Theory. A nuclear-norm $O(1/\sqrt{T})$ nonconvex convergence guarantee, a layer-adaptive descent constant $\kappa_{\mathrm{eff}} > 1$ under measurable layer heterogeneity, and a strict separation from raw-momentum Muon–trust-ratio variants under empirically verified clip saturation.
Empirics. OrScale ranks first on CIFAR-10 / DavidNet across three seeds, and OrScale-LM beats Muon + Moonlight on FineWeb-Edu pre-training at three of four scales (125M → 1.1B parameters) and beats AdamW at every scale.
Reproducibility. Single-command training entry points, deterministic configs, and shipped sweep scripts; the public results in this repository match the paper's tables and figures.

Method at a Glance

Both variants share Muon's front end (Nesterov-lookahead momentum followed by $k$ Newton–Schulz iterations to obtain the polar factor $Q_\ell$) and apply a clipped trust-ratio multiplier. With weight $W_\ell \in \mathbb{R}^{m_\ell \times n_\ell}$, weight decay $\lambda$, shape factor $s_\ell$, and per-layer calibration constant $c_{\mathrm{denom},\ell}$:

$$ D_{\ell,t} ;=; \lambda W_{\ell,t} + s_\ell, Q_{\ell,t}, \qquad r_{\ell,t} ;=; \frac{\lVert W_{\ell,t} \rVert_F}{c_{\mathrm{denom},\ell},\lVert D_{\ell,t} \rVert_F + \varepsilon}, $$

$$ W_{\ell,t+1} ;=; W_{\ell,t} ;-; \eta_t,\mathrm{clip}(r_{\ell,t},,r_{\min},,r_{\max}),D_{\ell,t}. $$

The two recommended specialisations:

Variant	Config name	Intended use	Shape factor $s_\ell$	Calibration $c_{\mathrm{denom},\ell}$
OrScale	`orscale`	General matrix layers, vision experiments	$1$	$1$
OrScale-LM	`orscale_lm`	Language-model pre-training	$0.2\sqrt{\max(m_\ell, n_\ell)}$	Set once at the first non-zero step so $r_{\ell,0} = 1$

OrScale-LM adopts the Moonlight shape factor and a one-time per-layer calibration that anchors every trust ratio at one, propagating learning-rate transfer from AdamW → Muon + Moonlight → OrScale-LM without an extra sweep.

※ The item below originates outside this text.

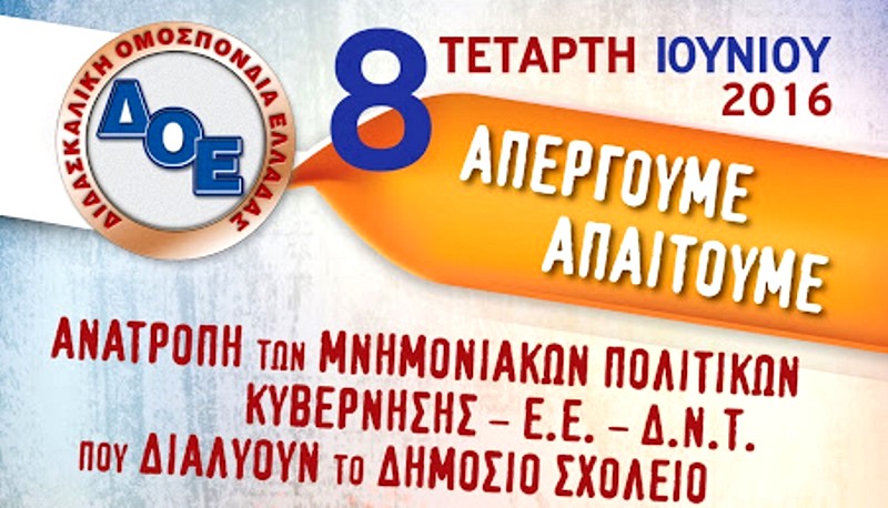 Συμμετοχή του Συλλόγου Πρωτοβάθμιας Εκπαίδευσης στην απεργία της 8ης Ιουνίου

For the full algorithm, theoretical statements, and design-space analysis (including the failure modes that this principle rules out), see the paper.

Installation

OrScale targets PyTorch ≥ 2.0 and Python ≥ 3.10.

python -m pip install -e .

Optional extras are split by workflow:

python -m pip install -e ".[dev]"
python -m pip install -e ".[data,vision,eval,analysis,wandb]"

For the all-in-one compatibility path:

python -m pip install -r requirements.txt

Quick Start

Language-model smoke run:

python scripts/train.py --config configs/pilot_25m.yaml \
    --set optimizer.name=orscale_lm

CIFAR-10 / DavidNet run:

python scripts/train_vision.py --config configs/cifar10_davidnet.yaml \
    --set optimizer.name=orscale

The default configs use relative paths such as data/fineweb10B/, data/cifar10/, and checkpoints/. Override paths with --set data.train_pattern=... data.val_pattern=... training.save_dir=....

W&B logging is opt-in. Set logging.wandb_project in the config or via command-line overrides to enable it.

Empirical Results

CIFAR-10 / DavidNet

Best learning rate per optimizer; validation top-1 averaged over the last three of 24 epochs, then over three seeds ($\pm 1\sigma$).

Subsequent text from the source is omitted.